Thursday, September 12, 2013

My First Post


Welcome to Kayhonesty, where my honest opinions are written. This summer, I read an amazing short story titled “Eveline” by James Joyce. “Eveline” is about weak-willed, helpless nineteen-year-old woman, who puts her decisions and fate in the hands of others. Eveline is a complicated woman from the outside but she gets much simpler when you look more closely. At first, I believed she was just weak-willed and indisisve, but a closer look shows that she, like her father, hangs on to the past and its memories and enjoys the past more than she will ever enjoy the present or future. My favorite section of the story is the second paragraph when she is recollecting these memories of her past to dull the present. “Few people passed.

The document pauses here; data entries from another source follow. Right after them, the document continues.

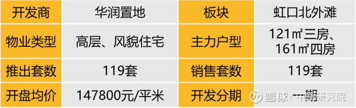 认购去化:外滩瑞府已于9月14日开盘,本次共计推出119套房源,主力户型为121/161㎡三、四房,均价147800元/㎡,一房一价,目前房源已售罄,去化率100%。
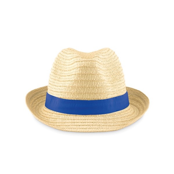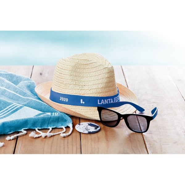 Slamený klobúk s farebnou polyesterovou páskou. Farebné pásky sú balené samostatne, nepripevnené na klobúku.
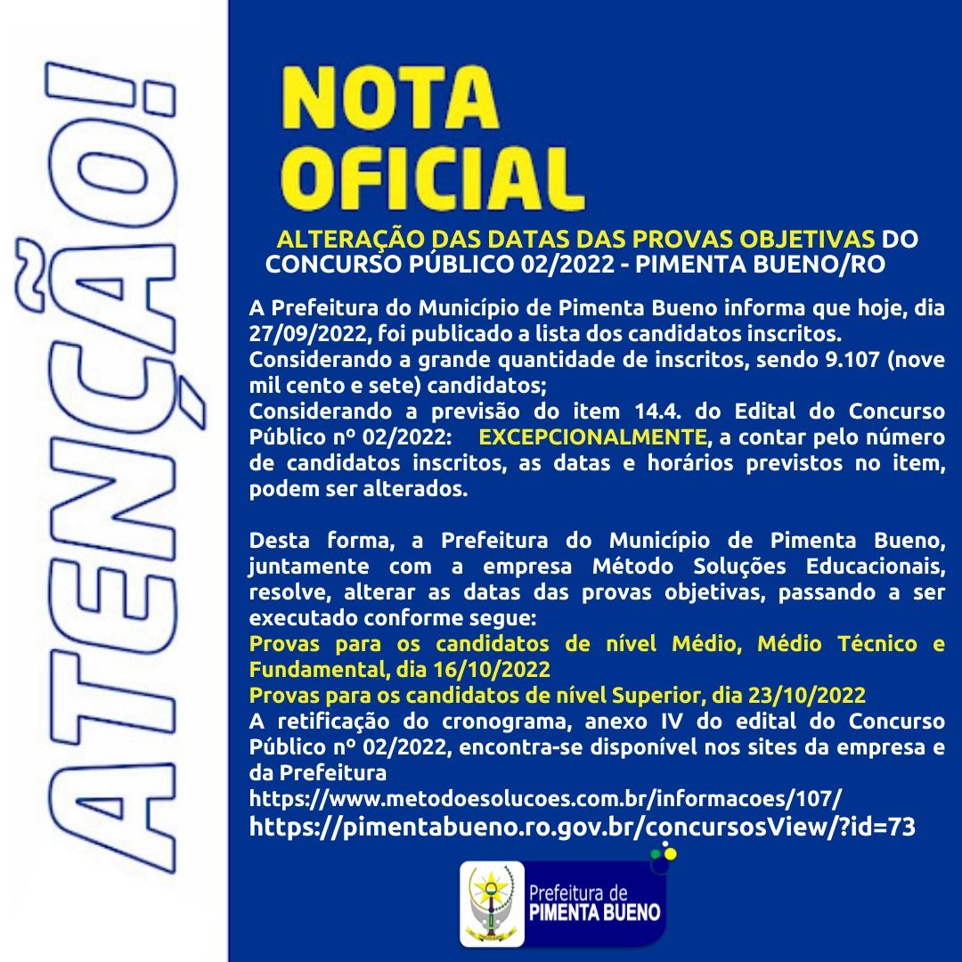 Pimenta Bueno informa que hoje, dia 27/09/2022, foi publicado a lista dos
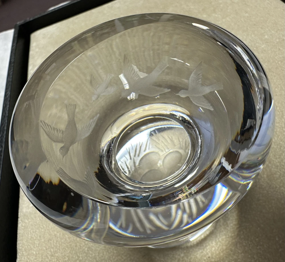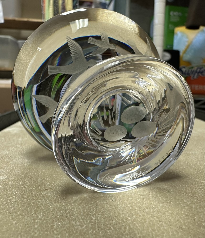 Features: Etched Type: Paperweight Brand: Kosta Boda Theme: Birds Production Style: Art Glass Color: Clear Material: Glass Seller Notes: “Beautiful” Vintage: Yes
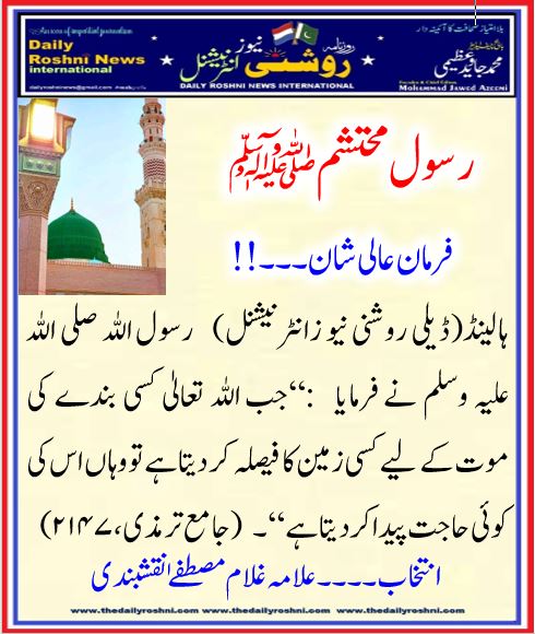 فرمان عالی شان۔۔۔!! / ہالینڈ کی خبریں, فرمان رسول / By Daily Roshni News رسول اللہ صلی اللہ علیہ وسلم نے فرمایا: “جب اللہ تعالیٰ کسی بندے کی موت کے لیے کسی زمین کا فیصلہ کر دیتا ہے تو وہاں اس کی کوئی حاجت پیدا کر دیتا ہے“۔ (جامع ترمذی ،۲۱۴۷)

The man out of the last house passed on his way home; she heard his footsteps clacking along the concrete pavement and afterwards crunching on the cinder path before the new red houses. One time there used to be a field there in which they used to play every evening with other people's children. Then a man from Belfast bought the field and built houses in it -- not like their little brown houses but bright brick houses with shining roofs. The children of the avenue used to play together in that field -- the Devines, the Waters, the Dunns, little Keogh the cripple, she and her brothers and sisters. Ernest, however, never played: he was too grown up. Her father used often to hunt them in out of the field with his blackthorn stick; but usually little Keogh used to keep nix and call out when he saw her father coming. Still they seemed to have been rather happy then. Her father was not so bad then; and besides, her mother was alive. That was a long time ago; she and her brothers and sisters were all grown up her mother was dead. Tizzie Dunn was dead, too, and the Waters had gone back to England. Everything changes. Now she was going to go away like the others, to leave her home.” (Joyce, James “Eveline”) This passage made me reread and reread it to fully understand all the hidden meanings behind each word. I love how she was remembering these moments of happiness and joy, trying to convince herself that this town (were she grew up) isn’t so bad and her father wasn’t so bad; yet she wants another life with Frank, her way out of this present town. This struggle shows her complexity and innocence and just draws me into to know more about Eveline and her life.